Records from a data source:
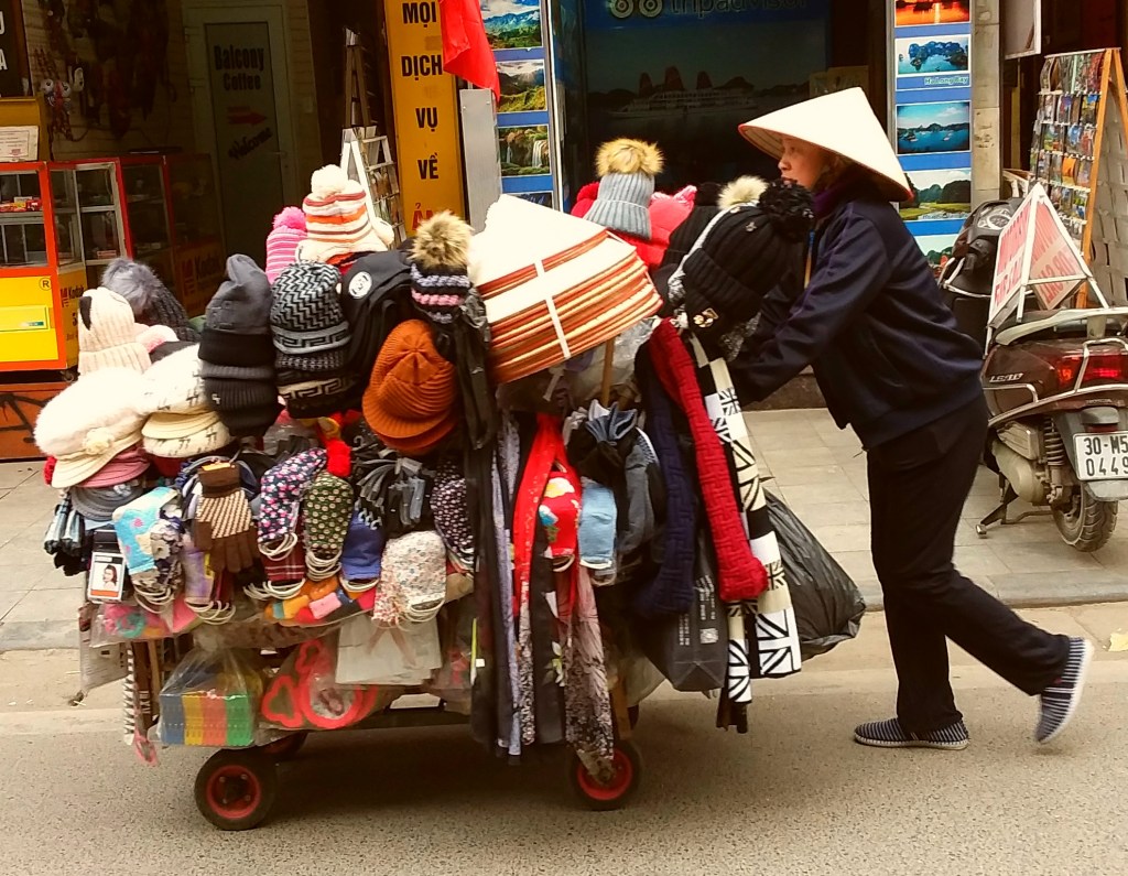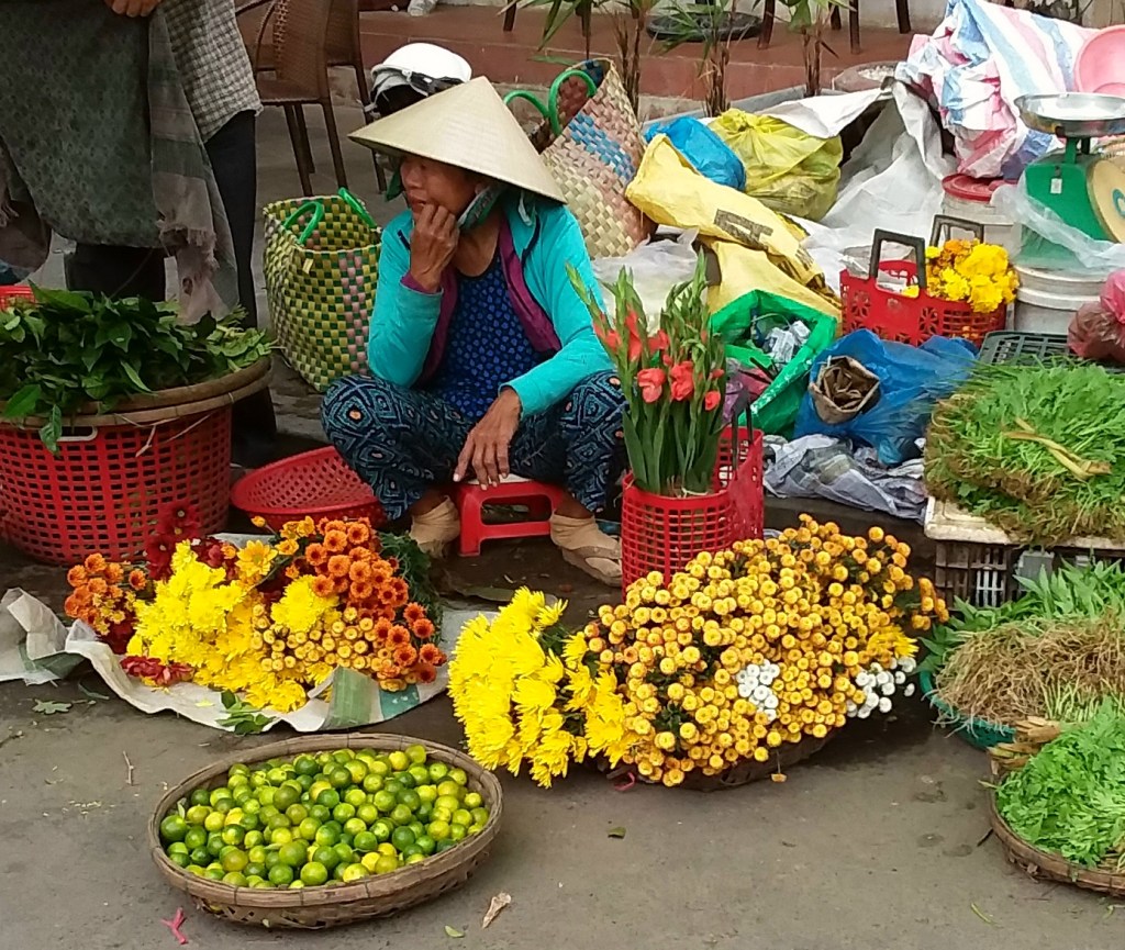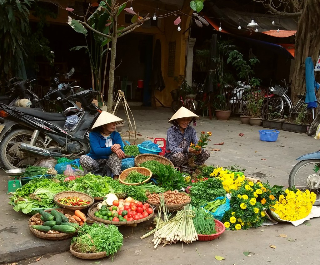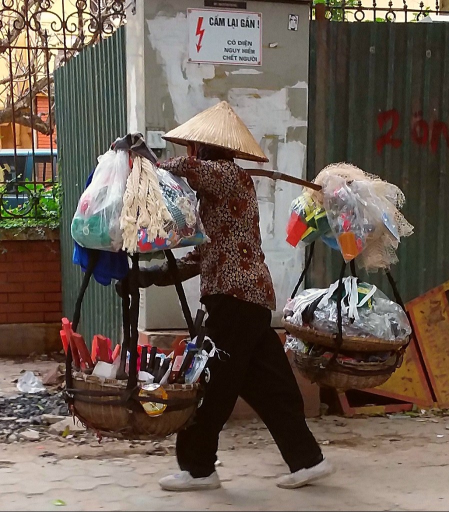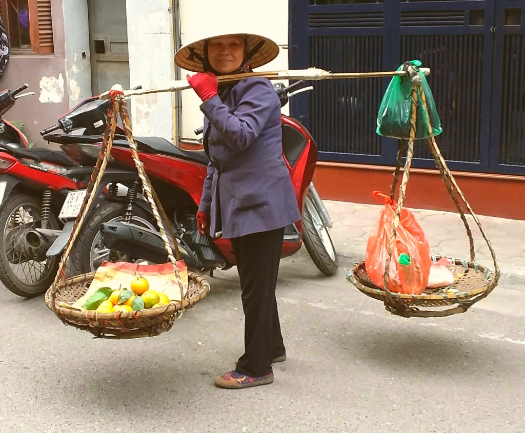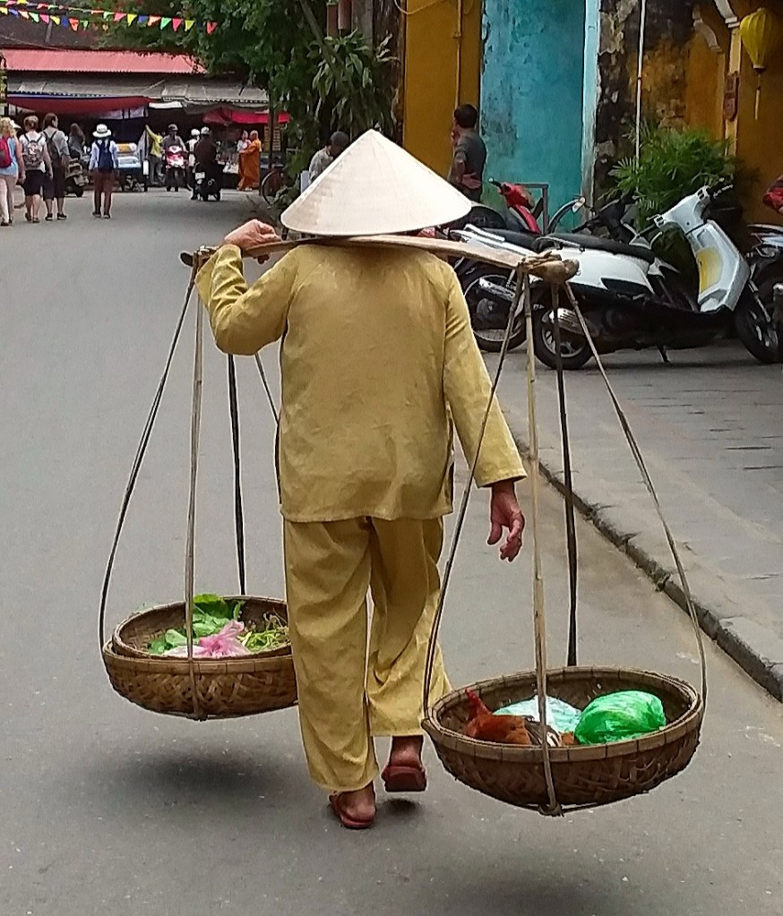 While traveling through Vietnam I saw hard-working women everywhere. Many were riding bicycles or scooters packed with merchandise. Some were pushing unbelievably heavy carts overfilled with goods for the daily market. I saw many women in the market preparing vegetables, fruits, and flowers for customers. In one town I watched women cutting bamboo strips and weaving them into baskets. On nearly every street there were women walking with “carrying poles” across their shoulders to display their products. Our tour group met with women who work long hours weaving blankets with traditional tools. And, we saw first hand that tour guides spend days away from home showing travelers the history, culture, and beauty of Vietnam. It certainly appears that Vietnam’s women are a major part of each city’s local economy.
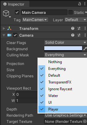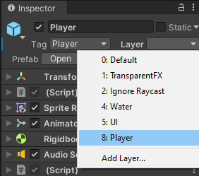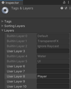 在 Tags and Layers 窗口中,Player 层分配给第 8 层。
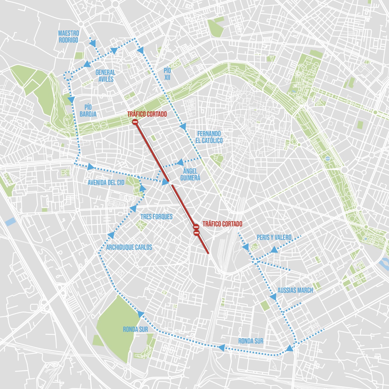 Actualment tancat el tram comprés entre els carrers Sant Vicent Màrtir i carrer Jesús, i el tram entre el Passeig de la Petxina i el carrer Linares.
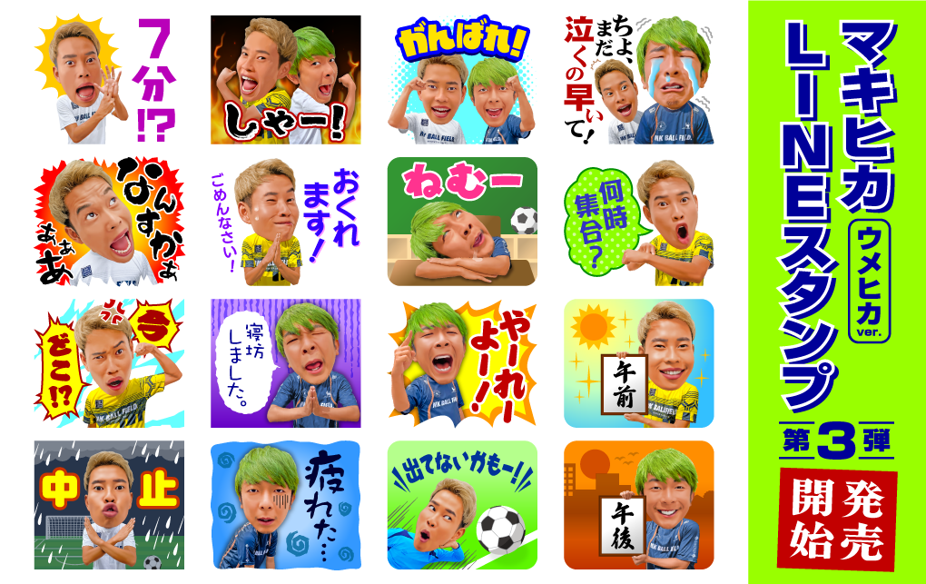 サッカー系YouTuber「マキヒカ」のLINEスタンプ第3弾ウメヒカVer.が販売開始です!
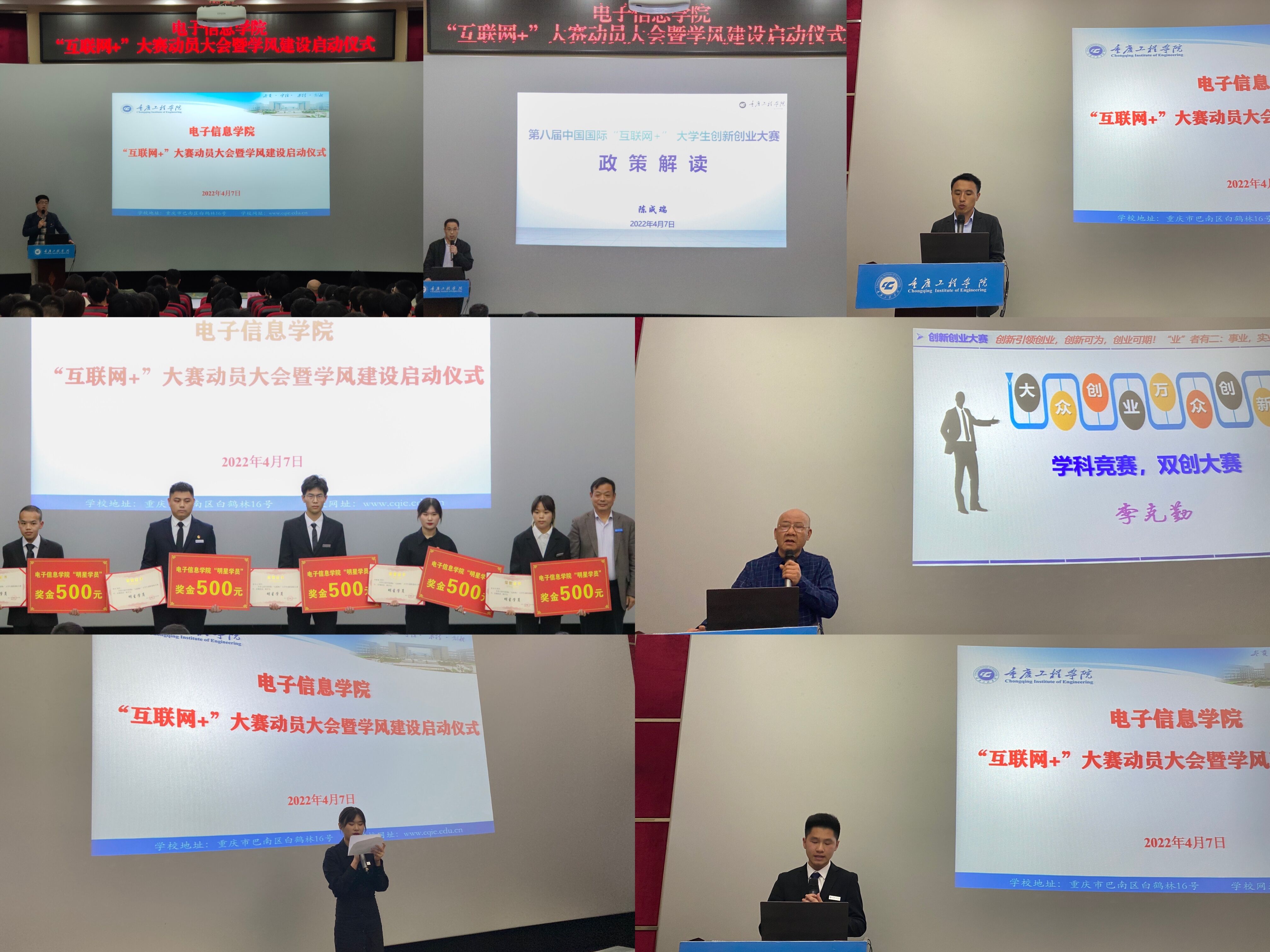 会上,陈成瑞副院长详细解读了《第八届中国国际“互联网+”大学生创新创业大赛方案》,景兴红副院长宣读了《电子信息学院关于表彰中国国际“互联网+”大学生创新创业大赛“明星学员”的决定》,重庆高校十大双创明星李克勤老师作了动员宣讲。同时,为了激励更多同学参加“互联网+”大赛,学院对上一届参赛表现优异的同学进行了表彰颁奖,“明星学员”代表19电信3班谭珊珊同学现场分享了参加“互联网+”大赛的收获与体会。
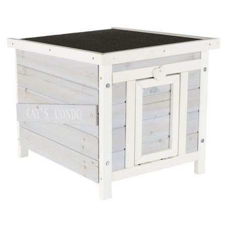 ALL-SEASON PROTECTION: Designed with weatherproofed solid wood and asphalt shingles to protect your pet from the elements – it is the ideal combination of warmth in winter and shade in summer PET-FRIENDLY DESIGN: This versatile cat shelter is suitable for feral cats, small animals, and small dogs. It features a ramp that doubles as a door, offering a safe and comfortable space for your pets to rest and sleep STYLISH AND FUNCTIONAL: A stylish and functional design that complements any outdoor space. The hinged roof with a locking arm allows easy access to a clean home EASY ASSEMBLY AND CLEANING: Assembly is straightforward with pre-drilled holes and necessary hardware. The home is designed with a hinged roof with a locking arm to allow easy access to clean home CAT HOUSE DIMENSIONS: Overall – 20.1″L x 16.5″W x 16.9″H; Interior – 13.75″ W x 18″L x 11.5″H; Door Opening: 6.75″W x 9.75″H
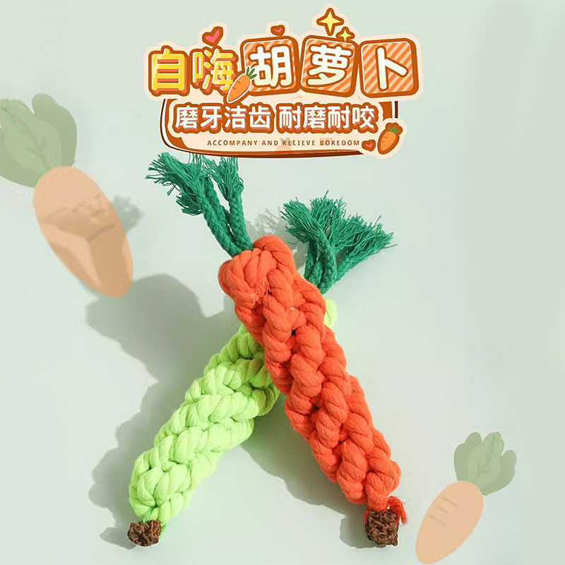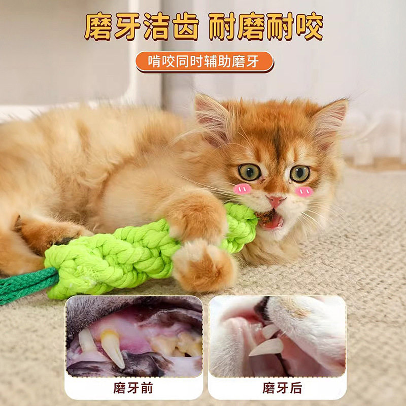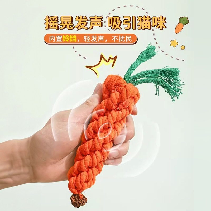 宠物磨牙玩具棉绳胡萝卜幼猫小狗耐咬绳结带铃铛训练球解闷逗猫棒

• ASSIGNMENT: Each entry should be copied exactly as written, though any pictures stay out.

• ANSWER TO THIS EXERCISE:
 While traveling through Vietnam I saw hard-working women everywhere. Many were riding bicycles or scooters packed with merchandise. Some were pushing unbelievably heavy carts overfilled with goods for the daily market. I saw many women in the market preparing vegetables, fruits, and flowers for customers. In one town I watched women cutting bamboo strips and weaving them into baskets. On nearly every street there were women walking with “carrying poles” across their shoulders to display their products. Our tour group met with women who work long hours weaving blankets with traditional tools. And, we saw first hand that tour guides spend days away from home showing travelers the history, culture, and beauty of Vietnam. It certainly appears that Vietnam’s women are a major part of each city’s local economy.
 在 Tags and Layers 窗口中,Player 层分配给第 8 层。
 Actualment tancat el tram comprés entre els carrers Sant Vicent Màrtir i carrer Jesús, i el tram entre el Passeig de la Petxina i el carrer Linares.
 サッカー系YouTuber「マキヒカ」のLINEスタンプ第3弾ウメヒカVer.が販売開始です!
 会上,陈成瑞副院长详细解读了《第八届中国国际“互联网+”大学生创新创业大赛方案》,景兴红副院长宣读了《电子信息学院关于表彰中国国际“互联网+”大学生创新创业大赛“明星学员”的决定》,重庆高校十大双创明星李克勤老师作了动员宣讲。同时,为了激励更多同学参加“互联网+”大赛,学院对上一届参赛表现优异的同学进行了表彰颁奖,“明星学员”代表19电信3班谭珊珊同学现场分享了参加“互联网+”大赛的收获与体会。
 ALL-SEASON PROTECTION: Designed with weatherproofed solid wood and asphalt shingles to protect your pet from the elements – it is the ideal combination of warmth in winter and shade in summer PET-FRIENDLY DESIGN: This versatile cat shelter is suitable for feral cats, small animals, and small dogs. It features a ramp that doubles as a door, offering a safe and comfortable space for your pets to rest and sleep STYLISH AND FUNCTIONAL: A stylish and functional design that complements any outdoor space. The hinged roof with a locking arm allows easy access to a clean home EASY ASSEMBLY AND CLEANING: Assembly is straightforward with pre-drilled holes and necessary hardware. The home is designed with a hinged roof with a locking arm to allow easy access to clean home CAT HOUSE DIMENSIONS: Overall – 20.1″L x 16.5″W x 16.9″H; Interior – 13.75″ W x 18″L x 11.5″H; Door Opening: 6.75″W x 9.75″H
 宠物磨牙玩具棉绳胡萝卜幼猫小狗耐咬绳结带铃铛训练球解闷逗猫棒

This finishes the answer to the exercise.